• What you should do:
Your task is to repeat exactly the lines below between the line holding "Página para colorir" and the line holding "Male Birth Registration: Year: 1924", inclusive, and only those.

• Data provided:
══════════════════════════════
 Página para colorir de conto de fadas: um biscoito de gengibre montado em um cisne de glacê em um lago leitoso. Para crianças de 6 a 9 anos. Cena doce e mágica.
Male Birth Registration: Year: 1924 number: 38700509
══════════════════════════════
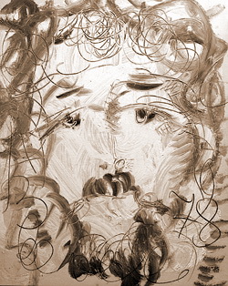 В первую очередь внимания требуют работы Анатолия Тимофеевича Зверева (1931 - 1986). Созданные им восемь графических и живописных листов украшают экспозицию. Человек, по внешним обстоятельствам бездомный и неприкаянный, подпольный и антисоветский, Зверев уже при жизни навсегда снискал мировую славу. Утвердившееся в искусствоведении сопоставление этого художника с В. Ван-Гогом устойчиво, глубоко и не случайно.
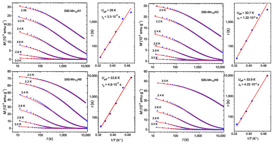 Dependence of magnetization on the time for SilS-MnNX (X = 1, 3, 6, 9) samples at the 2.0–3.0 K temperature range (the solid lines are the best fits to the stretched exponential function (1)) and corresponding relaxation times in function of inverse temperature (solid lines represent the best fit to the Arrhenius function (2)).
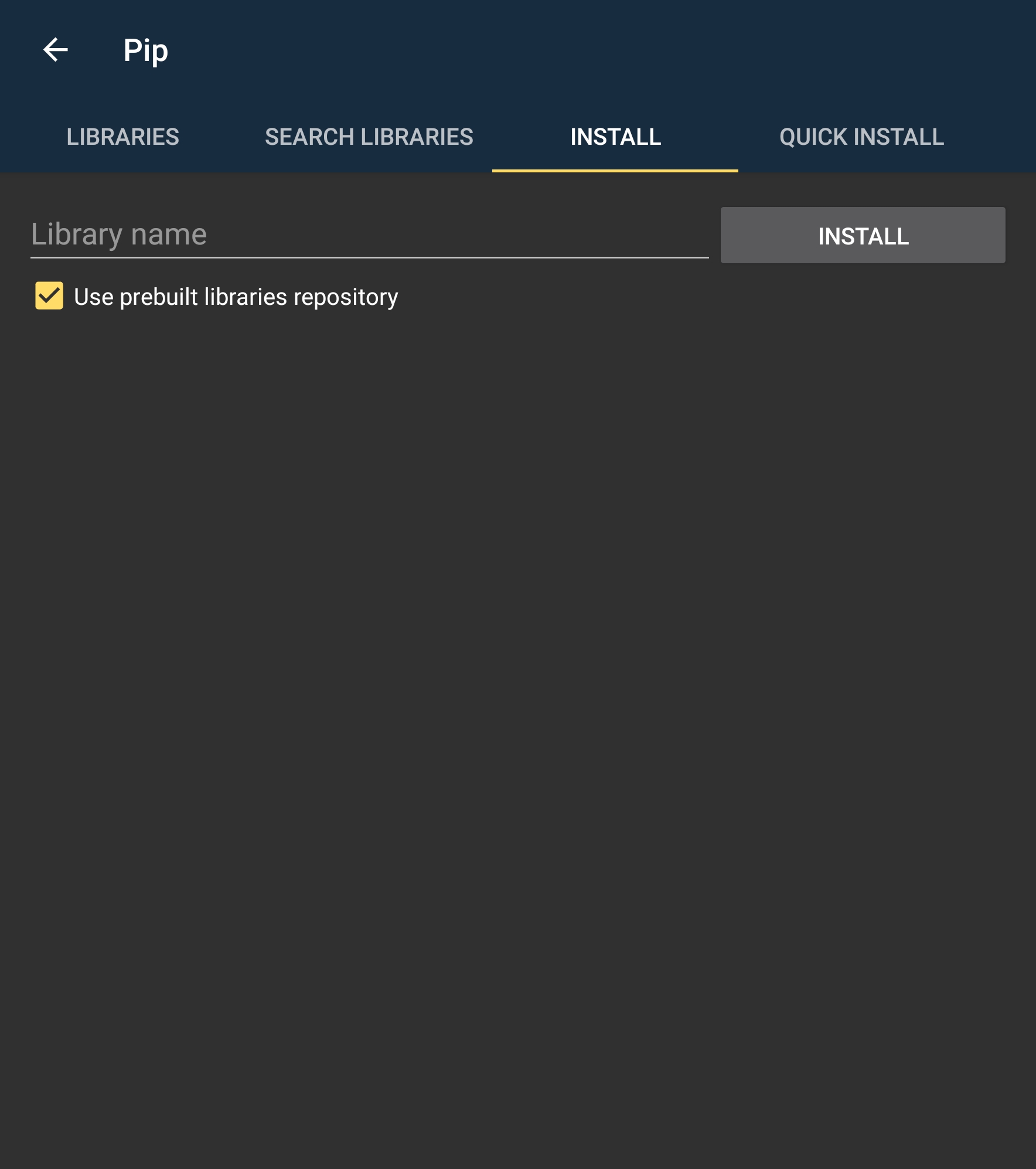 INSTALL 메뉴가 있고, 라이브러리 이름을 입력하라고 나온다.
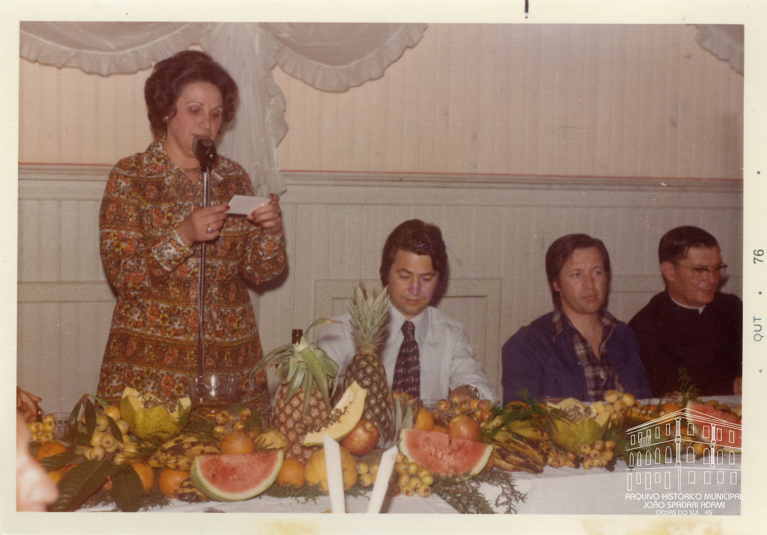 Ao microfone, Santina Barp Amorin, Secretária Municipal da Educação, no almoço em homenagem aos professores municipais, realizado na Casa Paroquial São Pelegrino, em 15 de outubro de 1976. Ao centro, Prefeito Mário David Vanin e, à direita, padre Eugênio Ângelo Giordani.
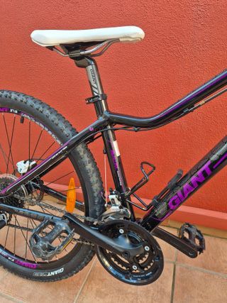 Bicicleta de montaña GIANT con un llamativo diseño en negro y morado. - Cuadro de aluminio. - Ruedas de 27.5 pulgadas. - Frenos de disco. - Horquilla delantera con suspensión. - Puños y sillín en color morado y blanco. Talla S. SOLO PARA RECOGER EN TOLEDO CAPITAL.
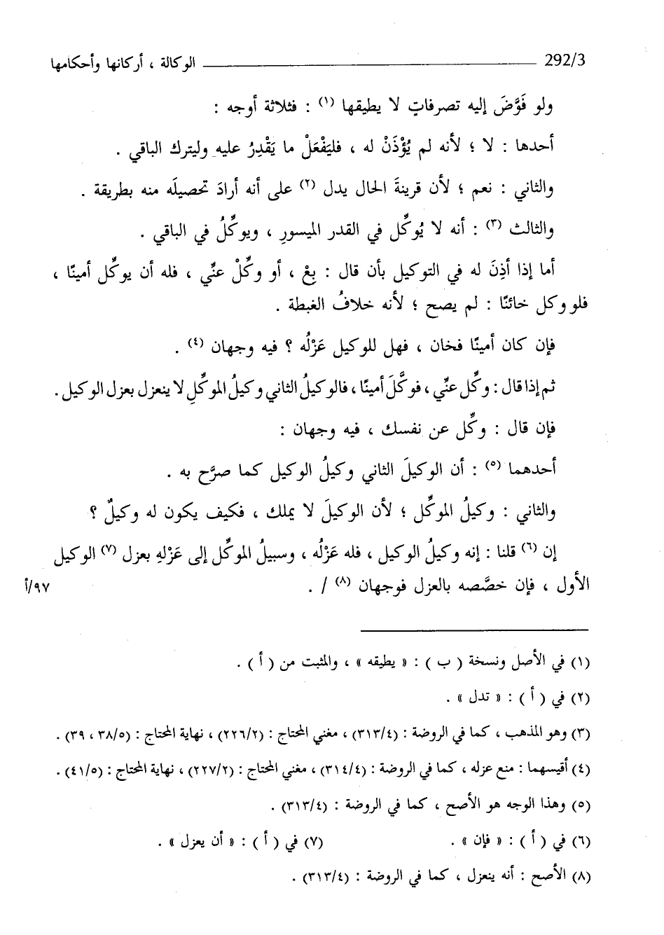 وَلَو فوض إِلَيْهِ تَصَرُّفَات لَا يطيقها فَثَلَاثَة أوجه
══════════════════════════════
• Exercise response:
 Página para colorir de conto de fadas: um biscoito de gengibre montado em um cisne de glacê em um lago leitoso. Para crianças de 6 a 9 anos. Cena doce e mágica.
Male Birth Registration: Year: 1924 number: 38700509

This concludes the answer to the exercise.